AFP, GOGOTINKPON, Benin
The banks and delta of the Mono River in Benin are home to mangrove swamps that harbor fish and rare wild birds — and some are deemed sacred. The government has tried to protect them by imposing bans on overfishing and felling for firewood, but it has discovered that voodoo is more powerful than threats and is now seeking to co-opt traditional elders into its conservation plans.
In the southern village of Gogotinkpon, which lives off fishing in Lake Aheme, locals regularly turn to the deities to help mark off stretches of mangroves as sacred areas. To the rhythm of drums and gongs, they swirl and dance before voodoo masks in ceremonies to honor Zangbeto, the guardian of the night.

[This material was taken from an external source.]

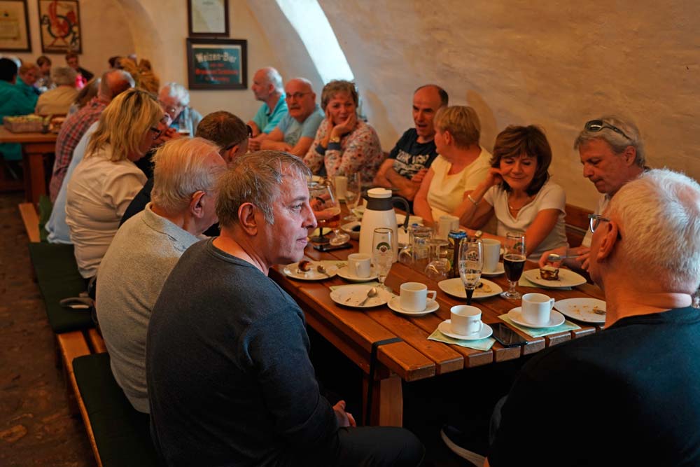 Po dlouhé cestě, zejména účastníků z Kraslic a z Klingenthalu, jsme akci zahájili posezením v zámeckém sklípku u kávy a koláče. Novinky jsme si již stačili sdělit. Poté mnozí navštívili krásnou zámeckou zahradu. Pak jsme se sešli v prostorách zámku, kde nám průvodkyně vyprávěla o historii zámku a poté nás zámkem provedla. Všichni byli nadšeni úspěchy a nasazením mistního spolku (Freundeskreis Schloss Wildenfels e.V.), kterému se zdařilo proměnit zámek opět v klenot.

“This will allow the fish to multiply in peace and allow us to survive too,” said Antoinette Gnanlandjo, 70, who took part in one such ritual in a large square on the shores of the Aheme, Benin’s second-largest lake.

A swirling Zangbeto performs in Ouidah, Benin, during the Voodoo Festival on Jan. 10.
Photo: AFP
She is a follower of voodoo, an animist practice based on respect for nature, ancestors and invisible forces. Such ceremonies are common in villages in the 346,000-hectare Mono Biosphere Reserve on either side of the Mono River, which marks the border between Benin and Togo and is a magnet for nature-loving tourists.
Mangroves are tropical trees that have the unusual ability of thriving in brackish or salty water. They suck up planet-heating carbon and their underwater roots stop the land washing away. In Benin, this precious and fragile ecosystem is threatened by deforestation, coastal urbanization, pollution, overfishing and climate change, local communities and non-governmental organizations said. So the villagers turn to invisible powers for assistance.
During the ceremony Gnanlandjo attended, they fashioned two fetishes out of raffia, which a delegation of dignitaries — traditional leader Wilfreid Mesah, three villagers initiated into voodoo, two researchers and a red mask representing thunder — then took into the mangrove swamp by canoe. Chanting traditional songs, they tied the fetishes to the branches to ward off intruders intent on fishing or cutting into the mangroves for firewood.

An aerial view shows mangroves, background, facing a body of water on the border of a large golf course project in Aviekete, on the outskirts of Cotonou, Benin, on Jan. 13.
Photo: AFP
“If someone tries to cut these branches, the vodun will whistle and stop them immediately. They’ll be stuck here. Then we voodoo dignitaries will come to find out what’s going on,” Mesah said.
He added that Zangbeto had stopped intrusions by four people in the past two decades, which showed it was effective. Anyone caught red-handed has to make offerings to the deity.
That could mean “a sheep, a pig, red oil, cash worth 50,000 CFA francs [about US$80] , palm wine or many other things,” Mesah said “Otherwise, you risk losing your life.”
Fear of divine punishment is more effective in protecting mangroves in the Mono nature reserve than any government bans, Juste Djagoun of environmental charity Eco-Benin said.
So the government plans to strengthen the role of traditional elders in the national plan to save the country’s mangroves and the wildlife they harbor. This could also help preserve ancient voodoo rites, which are not written down, but are transmitted orally from one generation to the next, said Senankpon Tcheton, a Beninese researcher in social and environmental sciences at the University of the Witwatersrand in South Africa.
The traditions are in danger of disappearing as their initiates die off or migrate and society is influenced by other religions, he said.